Unlike PCR or arrays, the nCounter Analysis System does not rely on analog signal output or amplification of target molecules. Instead, the system utilizes a digital quantification technology that offers superior reproducibility and generates highly accurate data with a linear response to increasing copy numbers. These advantages also make it possible for data generated from multiple sites or studies to be combined for further analysis, thus facilitating multisite studies or comparisons of old and new data sets.

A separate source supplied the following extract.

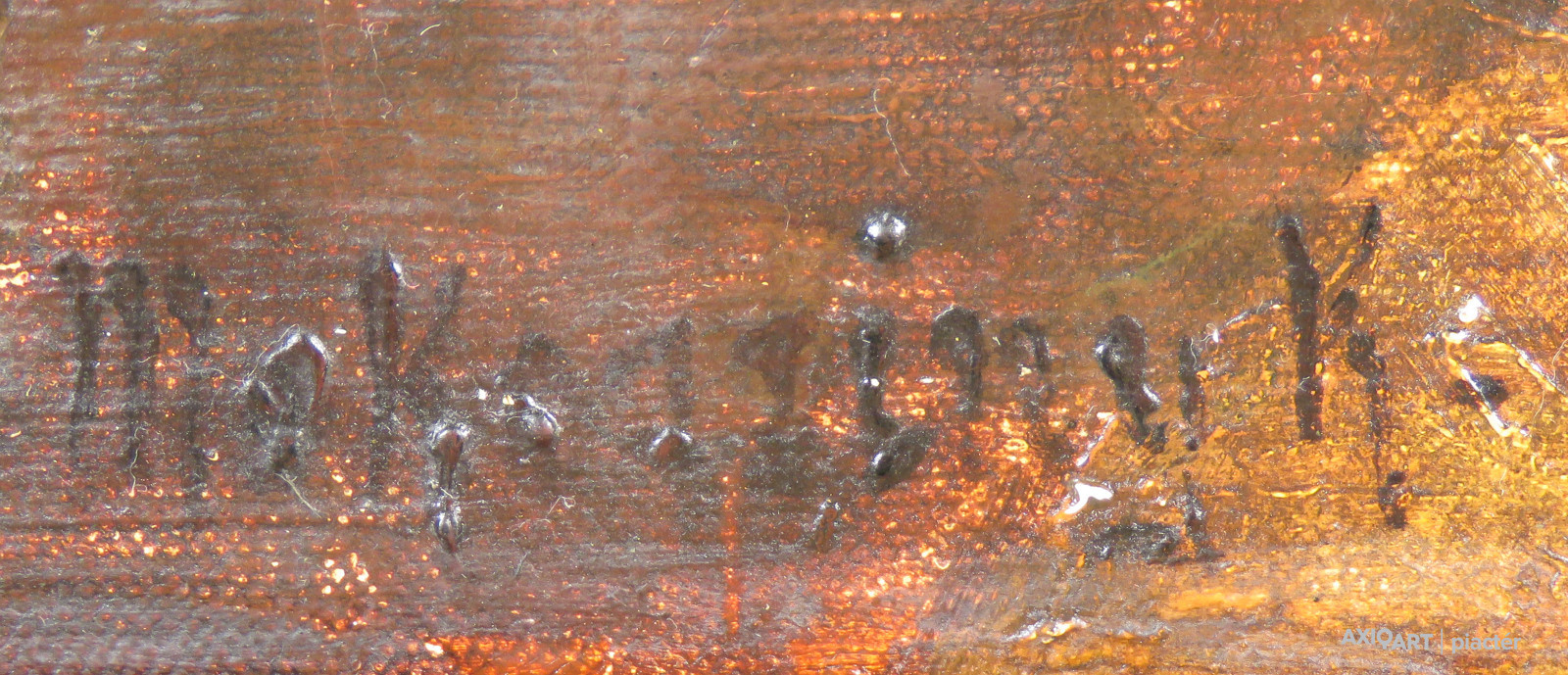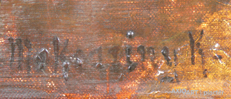 [FK0037/Z018] A kép mérete: 50 x 70 cm keret nélkül. Készült: Olaj, Vászon A kép Paizs László (Szentpéterúr, 1935) alkotása. Jelezve Jobbra lent "P. L." A festmény jó állapotban van. Keret: Ép A festmény hátoldalán a Képcsarnokvállalat címkéje található. Magyar festők és grafikusok életrajzi lexikona I-II. Festő. Tanulmányait a budapesti Iparművészeti Főiskolán végezte 1959-ben. Z. Gács György, Rákosy Zoltán és Szentiványi Lajos növendéke volt. A '60-as évek első felében hagyományosabb felfogású olajképeket festett, mozaikokat, freskókat, utóbb a pop-art körébe tartozó, a francia Arman munkáival rokon műveket alkotott. 1961 óta kiállító művész. Egyéni (Fényes Adolf Terem, Csók Galéria, Műcsarnok, Magyar Nemzeti Galéria, Halászbástya, Bástya Galéria, Vigadó Galéria, Budapest Galéria, Győr, Szombathely, Szeged, Zalaegerszeg, Duisburg, Aix-en-Provence, stb). és vegyes (Ernst Múzeum, Műcsarnok, Óbuda Galéria, Magyar Nemzeti Galéria, Csók Galéria, Vigadó Galéria, Székesfehérvár, Kaposvár, Pécs, Hódmezővásárhely, Firenze, Milano, Padova, Nápoly, Velence, Düsseldorf, Aachen, Genf, stb) tárlatokon vett részt. 1980-ban Munkácsy-díjjal jutalmazták, 1988-ban Érdemes Művész kitüntető elismerésben részesült. Munkáit őrzi a Magyar Nemzeti Galéria, a Fővárosi Képtár, a szombathelyi képtár, a pécsi Janus P. Múzeum, a székesfehérvári István Király Múzeum és a dunaszerdahelyi Kortárs Magyar Galéria. (H.B.: Műv, 1972/4, K.Gy.: Műv. 1977/2, K.G.: Műv. 1978/10, M.L.: Műv, 1983/5, R.G.: Műv, 1987/9, Sz.Gy.: Új Műv. 1995/4, MK) Magyar festők és grafikusok életrajzi lexikona I-II. Műgyűjtők és kereskedők kézikönyve Festő. Tanulmányait a bp.-i Iparművészeti Főiskolán végezte. Mozaikokat ferskókat, utóbb a pop-art körébe tartozó, a francia Arman műveivel rokon műveket alkotott. Mozaikok: a Szegedi Megyei Tanács, a Pécsi Óvoda, a Gödöllői Agrártudományi Egyetem. Freskók: Budapest - Csatárka úti Gyermekotthon. 1971-ben a Fényes Adolf Teremben volt kiállítása, 1983-ban pedig a szegedi Móra Ferenc Múzeumban nagyszabású tárlatokon mutatta be munkáit. 1988-ban érdemes művész kitüntető elismerésben részesült. (MK) Magyar festők és grafikusok adattára Az Iparművészeti Főiskolán végzett 1959-ben. Mozaikokat (Szeged, Megyei Tanács; Pécs, Óvoda; Gödöllő, Agrártudományi Egyetem), freskókat (Budapest, Csatárka úti Gyermekotthon), újabban a pop art körébe tartozó, a francia Arman műveivel rokon műveket alkotott. 1971-ben a Fényes Adolf Teremben nyílt kiállítása. 1983 februárjában a szegedi Móra Ferenc Múzeumban megrendezett nagyszabású tárlaton mutatta be alkotásait. 1988-ban érdemes művész kitüntető elismerésben részesült. - MK Művészeti lexikon I-IV. (Szentpéterur, 1935. dec. 26.- ): festő. Az Iparművészeti Főiskolán 1959-ben végzett Rákosy Zoltán, Z. Gách György és Szentiványi Lajos növendékeként. Épületdiszítő mozaikokat, (Szeged, Megyei Tanács, 1961; Pécs, Óvoda, 1964), műanyagfreskókat (Bp., Csatárka úti Gyermekotthon, 1964) és gobelinterveket készít. Kortárs magyar művészeti lexikon I-III. Festő, szobrász, grafikus. 1959: MIF, mesterei: Z. Gács György, Rákosy Zoltán, Szentiványi Lajos. 1980: Munkácsy-díj; 1988: érdemes művész. Főiskolás éveinek második felében, majd azt követően számos murális munka kivitelezésében vett részt, Fónyi Géza, Konecsni György, Z. Gács György, Rákosi Zoltán és Domanovszky Endre mellett dolgozva. A 60-as évek első felének hagyományosabb fölfogású olajképeket festett. 1964-ben a Velencei B.-n megismerkedett az amerikai pavilonban a pop art Európában akkor még újnak számító törekvésével, és részben ez inspirálta, hogy 1967-ben textil, fém, bőr anyagú "varrottas" képeket küldjön az FKS éves tárlatára; a megnyitó előtt többek között az ő munkáit is eltávolították a falról. A 70-es években pop art-os objekteket (A trónörököspár politikai gyilkosság áldozata lett, 1970, plexiüveg, újság, szarvasbogarak), majd konstruktív, átlátszó plexiüveg plasztikákat készített belső fénytörő határfelületekkel. A 80-as években készültek az anyagában színezett, konstruktív, nagyméretű poliészter szobrai, majd színes poliészter táblaképeket alkotott, mesterségesen roncsolt felületekkel, mintha régészeti leletek vagy atomtámadás utáni festmény-szurrogátumok lennének. Ekkor kezdett organikus plaszikájú bronzszobrokat is mintázni. A 90-es években, a táblaképek és szobrok mellett nagyméretű, egyedi grafikákat készített, formavilágában némileg a roncsolt táblaképekből kiindulva, de szinte kizárólag az emberi alakból elvonatkoztatott torzókat megjelenítve. Ek: 1966: Művészklub, Győr; 1971: Fényes A. T.; 1972: Bercsényi 28-30 G.; 1973: BME B-épület; 1976: Csók G.; 1977: G. Hildebrandt, Duisburg (NSZK); 1979: Bástya G., Halászbástya; Helyőrségi Műv. H., Nagyatád; József A. Műv. Közp., Szeged; Göcsej M., Zalaegerszeg; 1982: Bezzegh G., Küsnacht (CH); 1983: Móra F. M., Szeged; 1987: Műcsarnok (kat.); MNG; 1988: Pandora G., Badacsonytomaj; 1989: Parktheatter, Iserlohn (NSZK); Qualitas G.; Hevesi S. Színház, Zalaegerszeg; 1990: Vasarely Fondation (Ferdinánd Judittal, Fóth Ernővel), Aix-en-Provence (FR); 1994: Vigadó G.; 1997: Pest Center G.; 1998: Budapest G. (kat.); 1999: Pest Center G. (kat); G. Arcis, Sárvár; MMA, Bp.; 2001: SZK, Szhely; Ernst M. (kat.) Vcsk: 1961, 1964, 1966: FKS, Ernst M.; 1962: 9. Magyar Képzőműv. kiállítás, Műcsarnok; 1967: Mai magyar festészet, Új-Delhi; 1969: Vas megyei művészek, Savaria M., Szhely; V. Orsz. Grafikai B., Miskolc; 1971: Új művek, Műcsarnok; 1972: Fiatal művészek Budapestről. Likovni Salon, Újvidék (YU); 1972, 1973: Balatonboglár

“Next-generation DNA sequencing and array-based association studies are identifying large numbers of medically relevant CNVs,” said Brad Gray, President and CEO of NanoString Technologies. “We believe the nCounter CNV CodeSets will become the new gold-standard for subsequently validating these targeted sets of CNVs, and for effectively running larger replication studies when increased statistical power is required.”
NanoString scientist Gary Geiss, Ph.D. will discuss the multiplexed, single-assay validation of whole genome microarray copy number data at the ASHG poster session (#1812/T), on Thursday, November 4 at 6.00 p.m. ET. In addition, Dale Hedges, Ph.D. and Toumy Guettouche, Ph.D., both of the University of Miami, will be presenting a poster evaluating the use of the NanoString technology for detection of copy number variation (#1793/T) . The company will also be demonstrating its nCounter Analysis System and new CNV CodeSets at its exposition booth (#1137).